Sasaran utama yang tampak jelas adalah presiden yang sedang berkuasa. Mereka beranggapan bahwa di jabatan inilah semua muara konsesi itu bisa dimainkan.
Sampai saat ini, hanya hanya satu era presiden yang "mati secara politis" (tumbang) karena menjadi sasaran tembak itu. Presidennya adalah Soeharto.
Sementara presiden era selanjutnya tetap berdiri tegak sampai habis masa pemerintahannya.
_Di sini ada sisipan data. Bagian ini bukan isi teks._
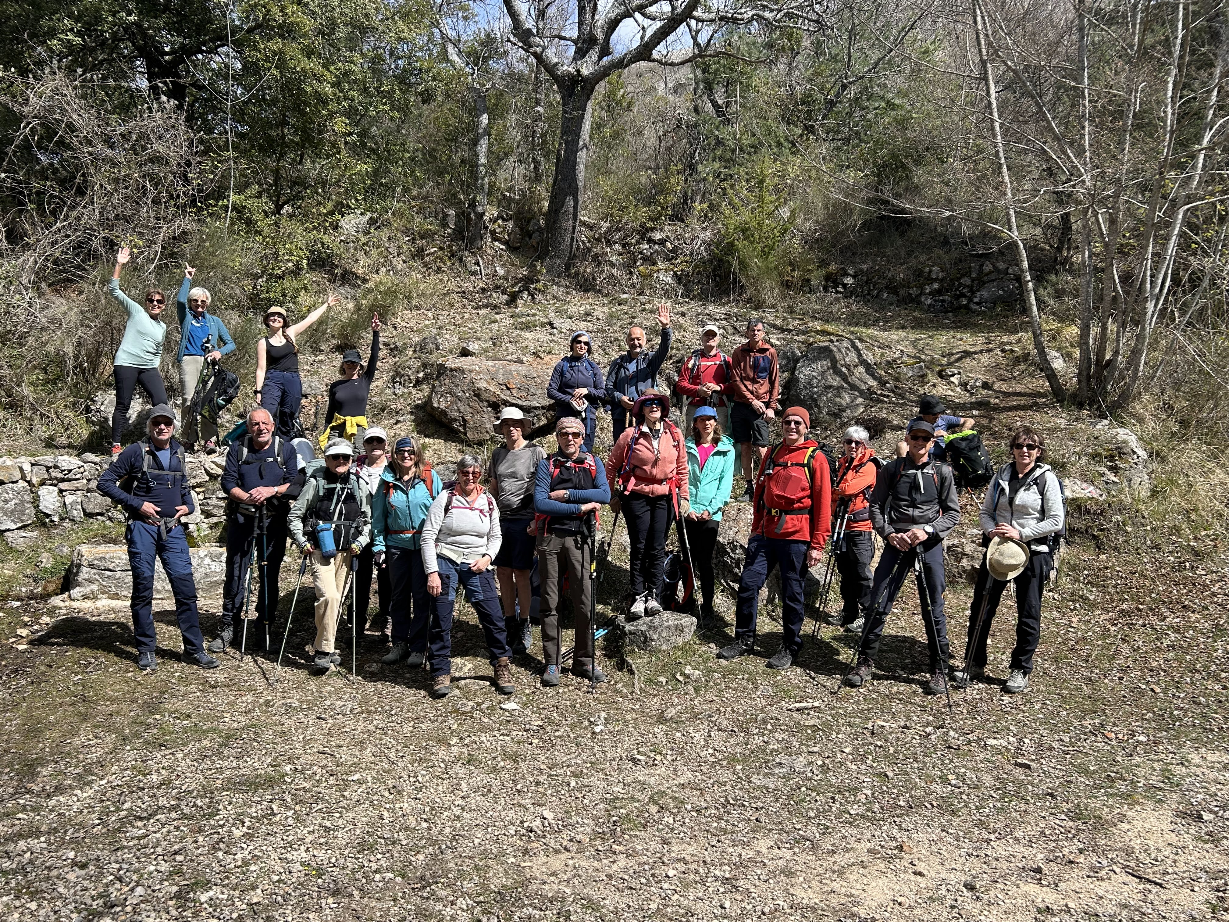 Giorgio Mardi 31 mars nous avons poursuivi le Grand Parcours des Baous (maintenant GRP) sur l'étape Tourrettes-sur-Loup - Coursegoules, mais afin de la rendre accessible au plus grand nombre, et également d'éviter un trop long aller-retour de covoiturage, nous l'avons proposée en 2 randonnées : un aller-retour Coursegoules-Coursegoules, et un aller-retour Tourrettes-Tourrettes, avec un pique-nique commun pour les 2 groupes à mi-chemin départ de Coursegoules à 9h30 pour 15 randonneurs, traversée du joli village, descente vers le pont de la Cagne, et remontée vers le Puy Subert, point culminant de notre rando. Redescente vers le plateau de St Barnabé, ou nous croisons 2 groupes des AVF de Vence, et descente tranquille vers le Bes, sur le GR surplombant Courmes, et la vallée du Loup. Contact radio avec le groupe de Jean-Marc, parti de Tourrettes, et passant par le pic des Courmettes. Nous arrivons au lieu de rendez-vous, et attaquons notre pique-nique en attendant nos camarades... Ceux-ci ont pris un peu de retards, et nous leur laissons la place du pique-nique, après la photo de famille. Remontée (annoncée !) tranquille, vers le Puy Subert, et ensuite vers Coursegoules. Au final, environ 17,5km et 700m de D+ . ... PHOTOS Jean-Marc et Jean-Pascal compte-rendu de la rando du 31 Mars : Tourrettes Tourrettes par le Pic de Courmettes, étape du grand tour des baous. 18km ,980m de D+. Animateur: Jean-Marc et Jean-Pascal Beau temps. 10 randonneurs se sont inscrits. Nous partons à 9h15, nous attaquons par la montée du Pic de Courmettes, le temps est magnifique et nous profitons du paysage. Nous avions prévu de manger avec le groupe de Giorgio, nous partagerons le café. Le retour se fera sans encombres. Une preuve de plus qu'on peut se faire plaisir sans aller chercher très loin. Jean-Marc PHOTOS |

Namun demikian, takdirnya sebagai sasaran tembak Tragedi 98 tak pernah berhenti.
Selama pemerintahan, sebagian energinya terkuras oleh kebisingan "bunyi tembakan", sementara sang presiden tak pernah mampu menyentuh inti sejarah itu untuk menghentikan "bunyi tembakan".
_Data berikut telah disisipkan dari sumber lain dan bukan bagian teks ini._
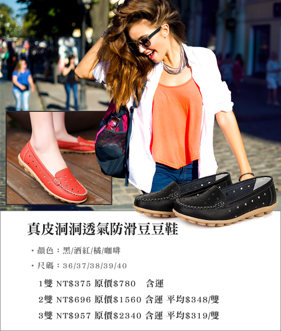 商品訊息簡述: 平均每雙最低只要319元起(含運)即可享有真皮洞洞透氣防滑豆豆鞋1雙/2雙/3雙,顏色:黑/酒紅/橘/咖啡,尺碼:36/37/38/39/40?

Dengan polarisasi politik era reformasi seperti sekarang ini, serta perspektif sejarah yang terus berkembang dalam aneka spekturm tanpa semua pihak mau bersatu dalam satu dimensi etisnya, maka sangat mustahil setiap era presiden bisa menghentikannya. Tragedi 98 kemudian menjadi PR presiden sepanjang zaman. Lalu, sampai kapan energi setiap presiden terus terbuang untuk itu?